_Exercise prompt:_
Return only the lines below starting at the line containing "Πριν λίγες ώρες" and ending at the line containing "- Fabulous Print", both included, exactly as they are and with no pictures.

_Data records:_
━━━━━━

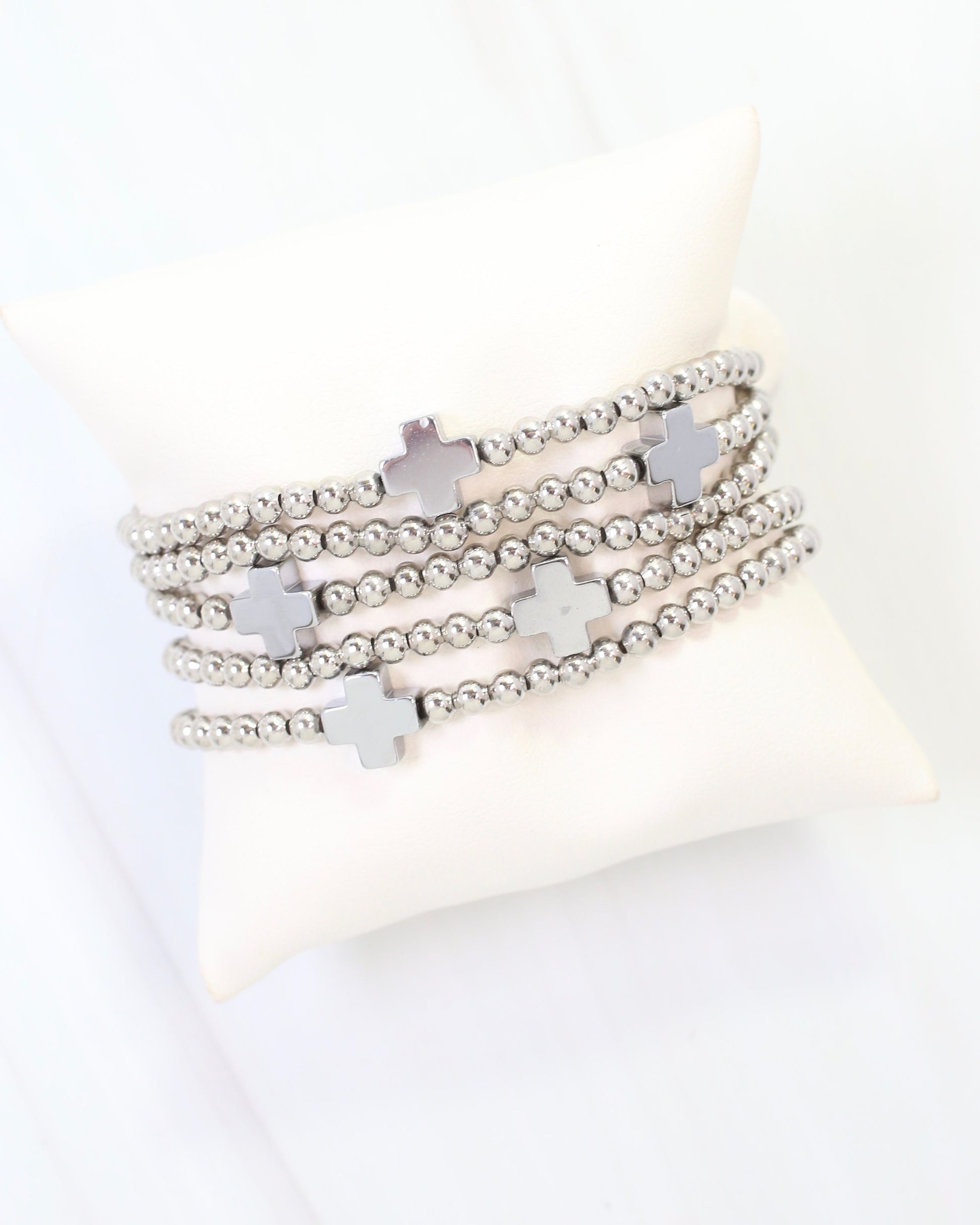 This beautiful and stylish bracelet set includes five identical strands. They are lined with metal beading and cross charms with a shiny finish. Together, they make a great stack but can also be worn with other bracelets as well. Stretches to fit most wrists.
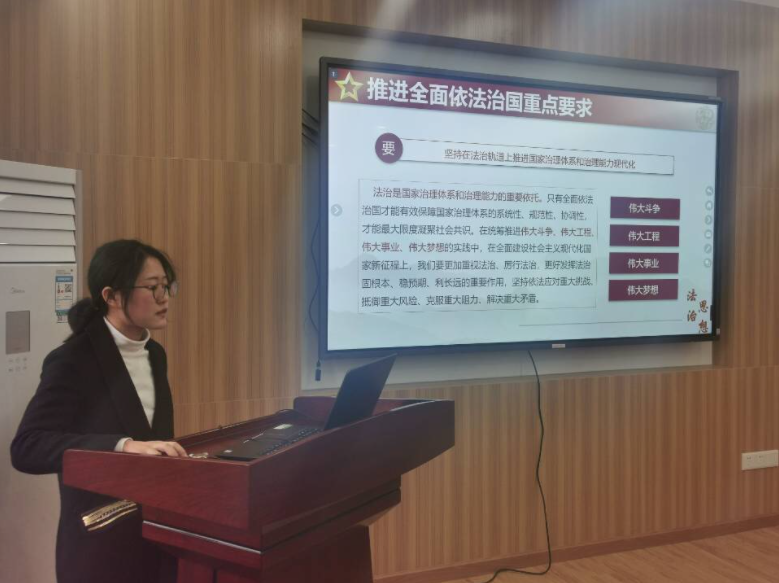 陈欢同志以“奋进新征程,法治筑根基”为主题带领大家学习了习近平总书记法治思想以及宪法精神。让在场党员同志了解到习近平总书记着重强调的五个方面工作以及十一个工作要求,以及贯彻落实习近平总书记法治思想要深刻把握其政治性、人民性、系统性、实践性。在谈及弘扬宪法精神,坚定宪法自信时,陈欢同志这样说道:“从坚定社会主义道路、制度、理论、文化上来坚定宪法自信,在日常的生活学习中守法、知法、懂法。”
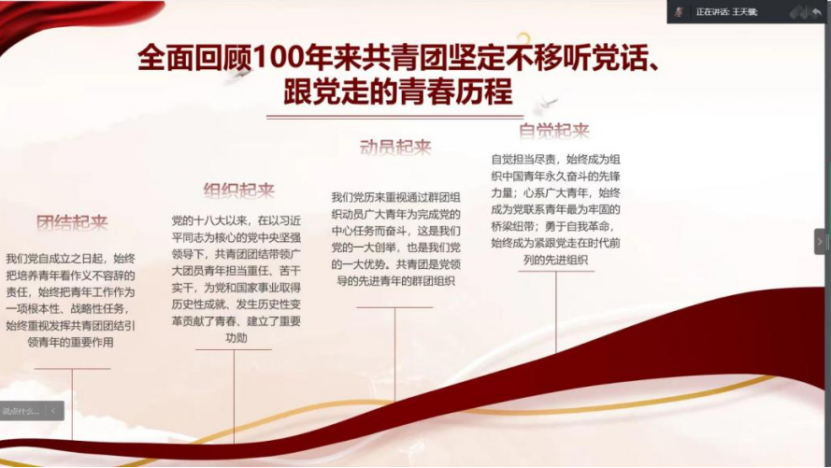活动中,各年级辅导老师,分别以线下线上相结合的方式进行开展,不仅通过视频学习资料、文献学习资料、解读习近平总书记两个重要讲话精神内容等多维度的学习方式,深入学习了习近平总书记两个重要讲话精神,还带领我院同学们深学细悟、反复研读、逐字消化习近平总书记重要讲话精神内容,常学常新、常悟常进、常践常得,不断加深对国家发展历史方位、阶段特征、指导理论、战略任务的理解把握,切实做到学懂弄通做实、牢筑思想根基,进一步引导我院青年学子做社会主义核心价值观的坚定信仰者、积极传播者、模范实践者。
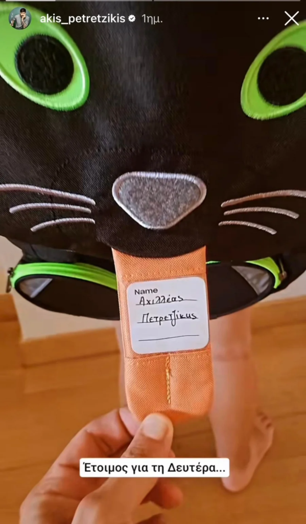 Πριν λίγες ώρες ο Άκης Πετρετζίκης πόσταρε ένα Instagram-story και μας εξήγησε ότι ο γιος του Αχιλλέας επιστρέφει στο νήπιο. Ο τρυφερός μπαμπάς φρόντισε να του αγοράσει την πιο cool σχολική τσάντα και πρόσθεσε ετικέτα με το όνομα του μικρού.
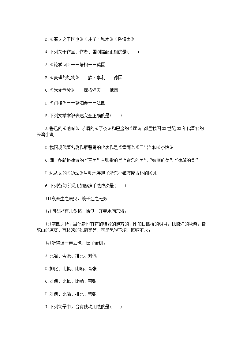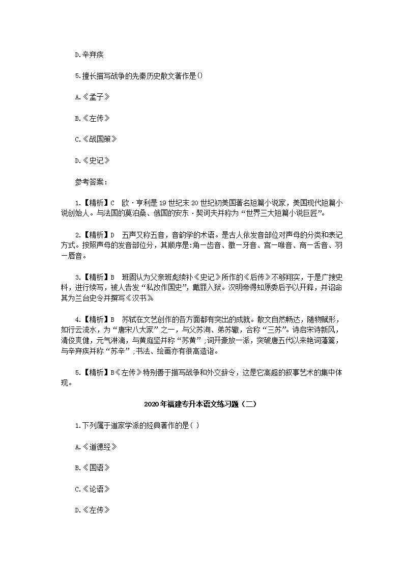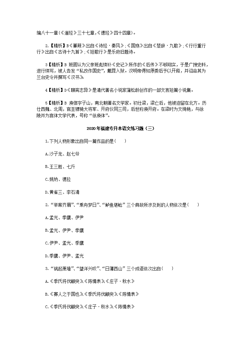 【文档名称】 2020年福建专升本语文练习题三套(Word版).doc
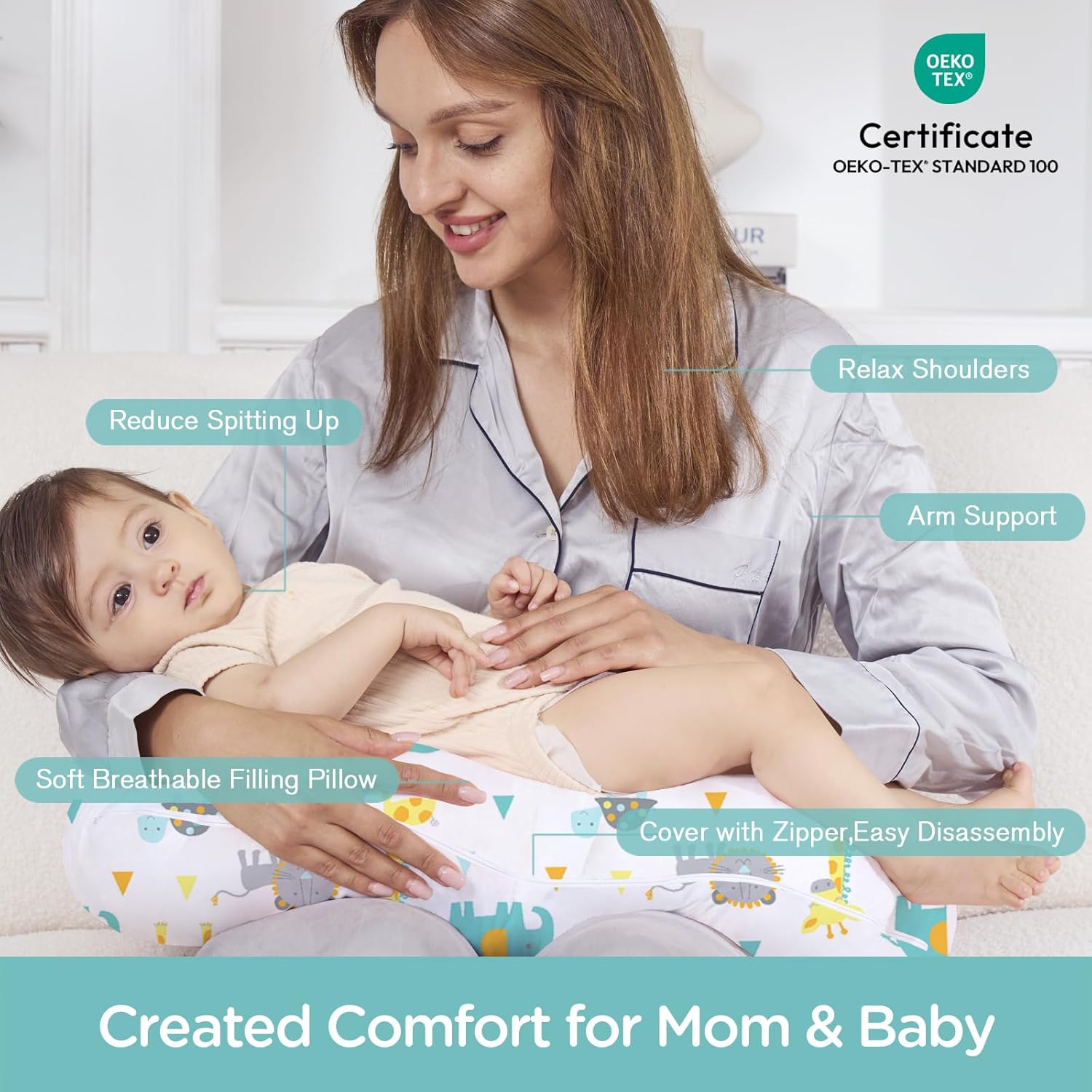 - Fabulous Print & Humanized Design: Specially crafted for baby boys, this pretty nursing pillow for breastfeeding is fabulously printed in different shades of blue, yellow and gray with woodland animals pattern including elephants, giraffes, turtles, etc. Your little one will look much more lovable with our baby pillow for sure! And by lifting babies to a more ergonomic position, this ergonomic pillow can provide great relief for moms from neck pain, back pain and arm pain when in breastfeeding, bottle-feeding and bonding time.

━━━━━━

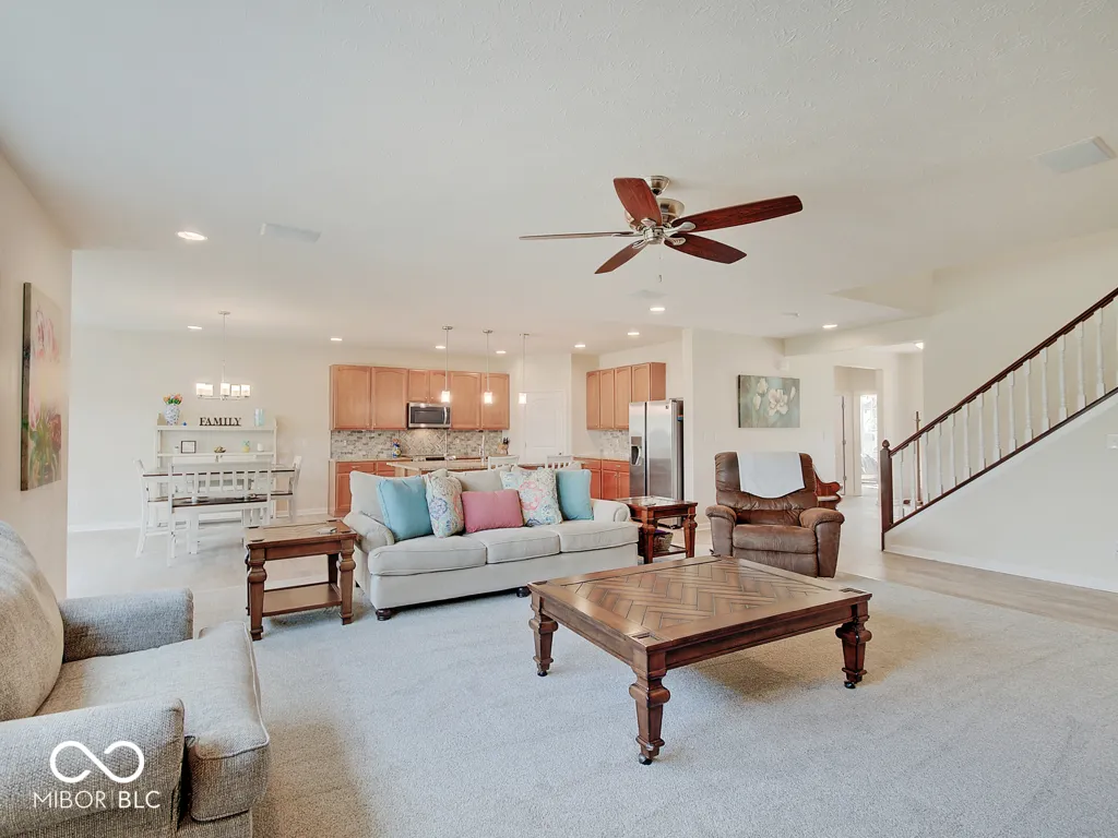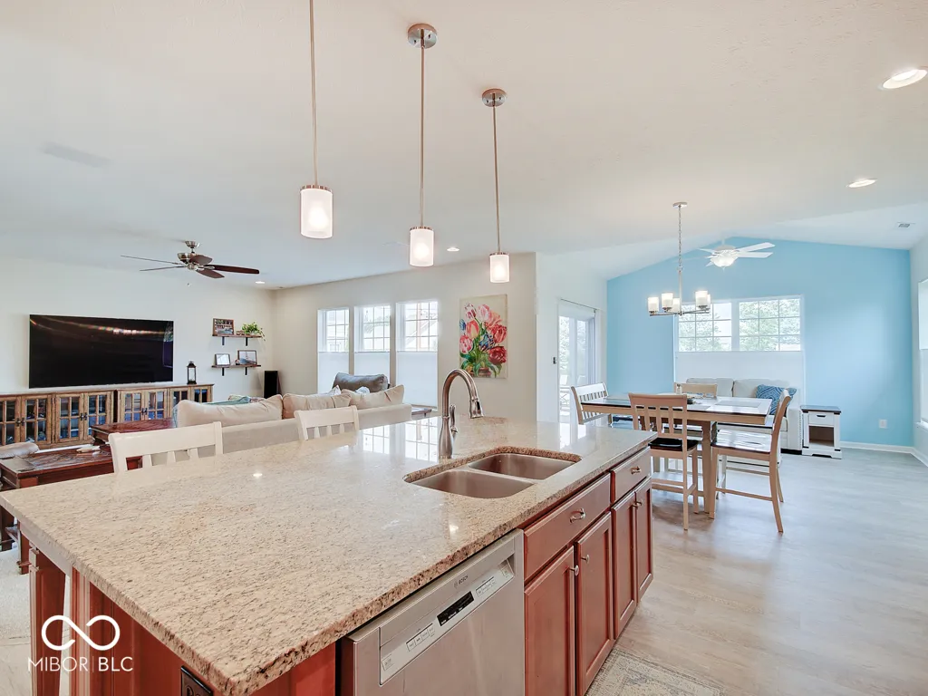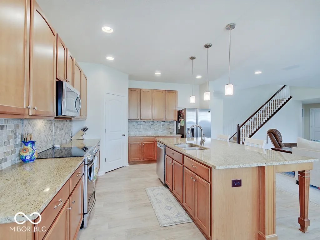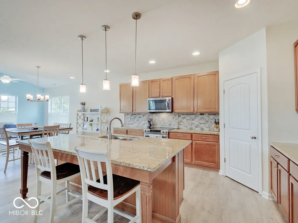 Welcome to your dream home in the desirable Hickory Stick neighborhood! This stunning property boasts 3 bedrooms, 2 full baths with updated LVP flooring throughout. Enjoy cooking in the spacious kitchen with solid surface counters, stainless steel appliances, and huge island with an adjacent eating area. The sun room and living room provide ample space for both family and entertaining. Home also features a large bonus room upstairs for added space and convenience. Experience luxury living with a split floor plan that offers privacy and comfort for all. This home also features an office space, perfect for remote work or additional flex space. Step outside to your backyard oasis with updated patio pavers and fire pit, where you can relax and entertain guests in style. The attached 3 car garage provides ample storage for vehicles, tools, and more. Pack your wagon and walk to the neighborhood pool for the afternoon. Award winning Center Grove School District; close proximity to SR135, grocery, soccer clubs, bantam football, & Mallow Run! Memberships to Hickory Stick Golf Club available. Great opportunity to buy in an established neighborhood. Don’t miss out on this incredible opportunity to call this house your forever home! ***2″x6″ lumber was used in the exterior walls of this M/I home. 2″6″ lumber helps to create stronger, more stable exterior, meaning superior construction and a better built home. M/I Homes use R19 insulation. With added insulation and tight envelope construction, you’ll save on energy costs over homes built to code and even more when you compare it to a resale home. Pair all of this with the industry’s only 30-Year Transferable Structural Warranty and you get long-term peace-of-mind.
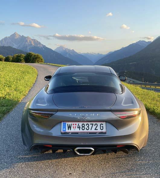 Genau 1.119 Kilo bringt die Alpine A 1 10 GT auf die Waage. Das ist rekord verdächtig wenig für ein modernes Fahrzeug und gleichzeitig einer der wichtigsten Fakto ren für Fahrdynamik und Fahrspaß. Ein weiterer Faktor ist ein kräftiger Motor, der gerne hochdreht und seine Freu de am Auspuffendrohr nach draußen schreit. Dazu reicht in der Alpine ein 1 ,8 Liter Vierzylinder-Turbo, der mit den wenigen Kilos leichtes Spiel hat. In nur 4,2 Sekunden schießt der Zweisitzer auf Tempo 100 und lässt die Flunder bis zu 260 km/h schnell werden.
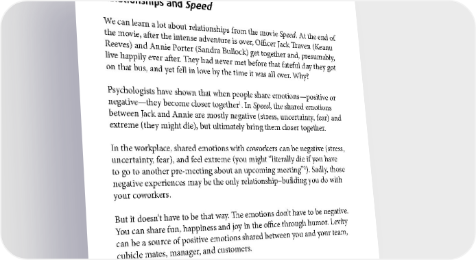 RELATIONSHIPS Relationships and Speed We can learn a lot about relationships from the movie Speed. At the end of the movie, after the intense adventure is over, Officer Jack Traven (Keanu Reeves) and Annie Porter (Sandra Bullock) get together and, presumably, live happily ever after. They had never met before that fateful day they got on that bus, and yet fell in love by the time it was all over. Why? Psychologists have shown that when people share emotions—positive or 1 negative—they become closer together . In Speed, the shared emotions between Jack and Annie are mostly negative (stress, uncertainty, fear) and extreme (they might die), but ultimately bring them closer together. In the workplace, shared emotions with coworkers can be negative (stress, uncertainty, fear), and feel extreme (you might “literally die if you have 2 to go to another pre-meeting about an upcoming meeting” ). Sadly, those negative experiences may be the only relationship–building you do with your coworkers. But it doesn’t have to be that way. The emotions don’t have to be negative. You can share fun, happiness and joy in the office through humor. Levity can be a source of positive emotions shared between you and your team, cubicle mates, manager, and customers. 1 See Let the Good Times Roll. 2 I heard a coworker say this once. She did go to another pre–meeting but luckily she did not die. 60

━━━━━━

_Answer section:_
 Πριν λίγες ώρες ο Άκης Πετρετζίκης πόσταρε ένα Instagram-story και μας εξήγησε ότι ο γιος του Αχιλλέας επιστρέφει στο νήπιο. Ο τρυφερός μπαμπάς φρόντισε να του αγοράσει την πιο cool σχολική τσάντα και πρόσθεσε ετικέτα με το όνομα του μικρού.
 【文档名称】 2020年福建专升本语文练习题三套(Word版).doc
 - Fabulous Print & Humanized Design: Specially crafted for baby boys, this pretty nursing pillow for breastfeeding is fabulously printed in different shades of blue, yellow and gray with woodland animals pattern including elephants, giraffes, turtles, etc. Your little one will look much more lovable with our baby pillow for sure! And by lifting babies to a more ergonomic position, this ergonomic pillow can provide great relief for moms from neck pain, back pain and arm pain when in breastfeeding, bottle-feeding and bonding time.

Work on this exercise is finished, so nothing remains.